タイトルは「たぷの里」
とにかく「たぷ」
擬音語が多い赤ちゃんの本ですが、これほどまでに「たぷ」という音を使った絵本があるだろうか、いや多分ない。
それほどまでに「たぷ」が繰り返しでてきます。
ていうか2回に1回「たぷ」。
出典:Amazon
“主食絵本かおやつか絵本か”
絵本のことを「主食絵本」と「おやつ絵本」とわける考え方があります。
前者は想像力をかきたて、長く楽しめるご飯のような絵本。
後者はぱっと目を引く絵柄などで即効性の楽しみがあるおやつのような絵本。
前者はベストセラーになるような絵本で、後者はうんちと書いてあれば子供がみんな食いつくみたいな本です(※うんちは悪くない。うんちのベストセラーもありますので。)
栄養のある主食絵本を多く読みましょうねーという話。
この絵本はぱっと見後者に分類されそうなのですが、実はそうではないのがおすすめしたいポイントです。
意味なんてない、それがたぷ
「たぷ」ってどういうときに使うかと考えると、多分多くのアラサーは安西先生の二重あごを想像するかと思うのですが、大人が日常生活で使う用はあまりないですね。

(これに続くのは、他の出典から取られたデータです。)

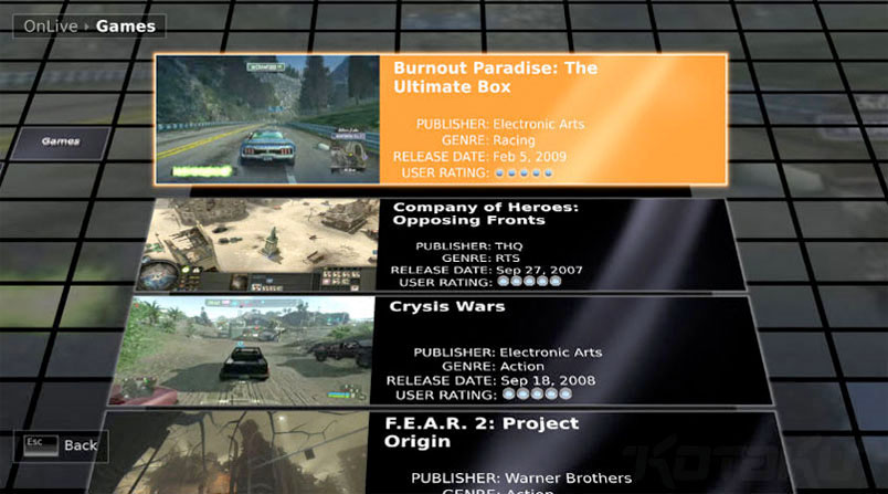 Az Onlive sokak számára még mindig meglehetősen utópisztikusnak tűnik, hiszen nehezen emészthetőnek tűnik manapság, hogy akár egy netbookkal is a legújabb játékokkal játszunk. Mindazonáltal bármennyire is hihetetlennek tűnik igazán csábító ajánlat. Ha minden jól alakul akkor e hónap végén Amerikában be is mutatkozik a rendszer és nyitásnak 20 játékkal indít. Az EA, Ubisoft, Warner, THQ és a Take-Two kínálatából válogatva. Olyan játékok lesznek majd elérhetőek, mint az Assassin's Creed 2, az új PoP, a Dragon Age vagy éppen a Metro 2033. Vagyis kellően impozáns kínálattal rendelkezik már most az elején is. Természetesen a Sony és a Microsoft semmi jót nem nyilatkozott még eddig a rendszerről, véleményük szerint ez jelenleg még nem elég kiforrott, és nincs meg hozzá a kellő technológiai erő.
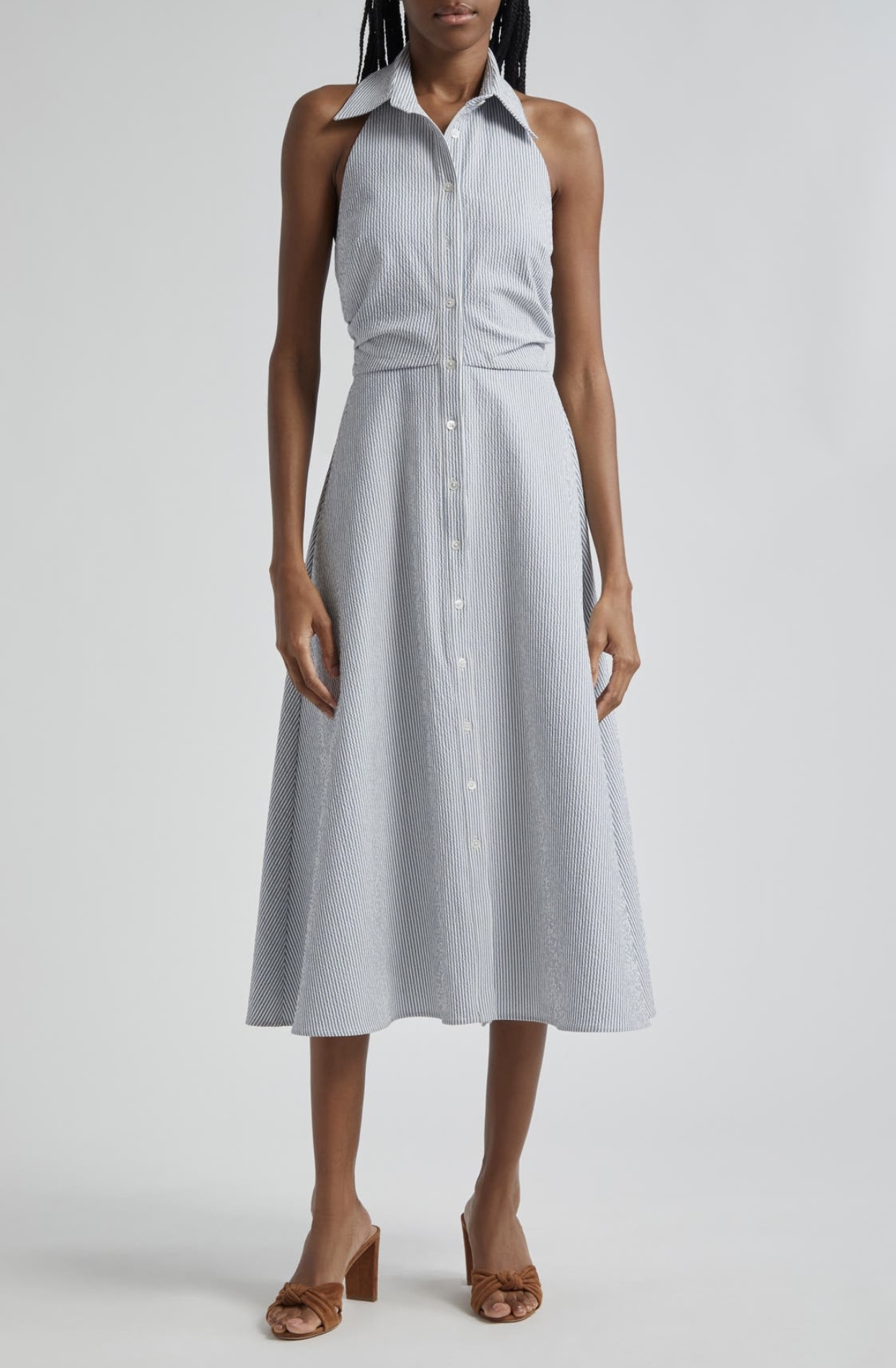 If it’s any dress that screams summer and spring, it’s this one. Veronica Beard is another solid brand for the working woman who appreciates transitional, versatile pieces that also cater to creative work environments with more relaxed dress codes. The pattern on this shirtdress elevates the piece, especially with a halter touch, and can be paired with a white blazer to cover up the open back if needed.

ところがこの「たぷ」、子供と一緒だと意外と使える言葉なんです。
そもそも赤ちゃんのあごはたいてい「たぷ」です。
腕や太ももが「たぷたぷ」してる可愛いベイビーもいますねーいいですねー。
お父さんのお腹が「たぷ」な子もいるかも。
(本物の「たぷ」ができるなんて羨ましい。私はやらないけど)
それから「たぷ」って読むときなぜか一呼吸置いて
「…たぷ。」と置きにいくように読んじゃうのなんでだろう。
これが「たぷ」ってことなのね…と子供までそっとあごをのせてから
「…たぷ。」と言ってしまうんだからなんでだろう。
読むとそこにしっとりした質感がともなう「たぷ」という言葉。
なんだかとても愛おしく思えてくる不思議な言葉なのです。
この本を読むと、月を見ても「たぷ」。
自転車に乗っても「たぷ」。
お風呂に入っても「たぷ」
お相撲さんをテレビでみたら「たぷ」。
マツコデラックスも「たぷ」。
もうなんでもかんでも「たぷ」に変わって子供は大喜び。
意味はわからないけど楽しいからいっか、とおおらかな気持ちになってしまう。
藤岡先生はこの本の年齢対象を「赤ちゃんから君まで」としています。
赤ちゃんから読んでいるお母さん、お父さん、おじいちゃんおばあちゃんまで。
おやつみたいな本と思うなかれ、と言いながら、おやつな本いいじゃんねー、堅苦しいこと言うなよ、という気持ちになる本なのです。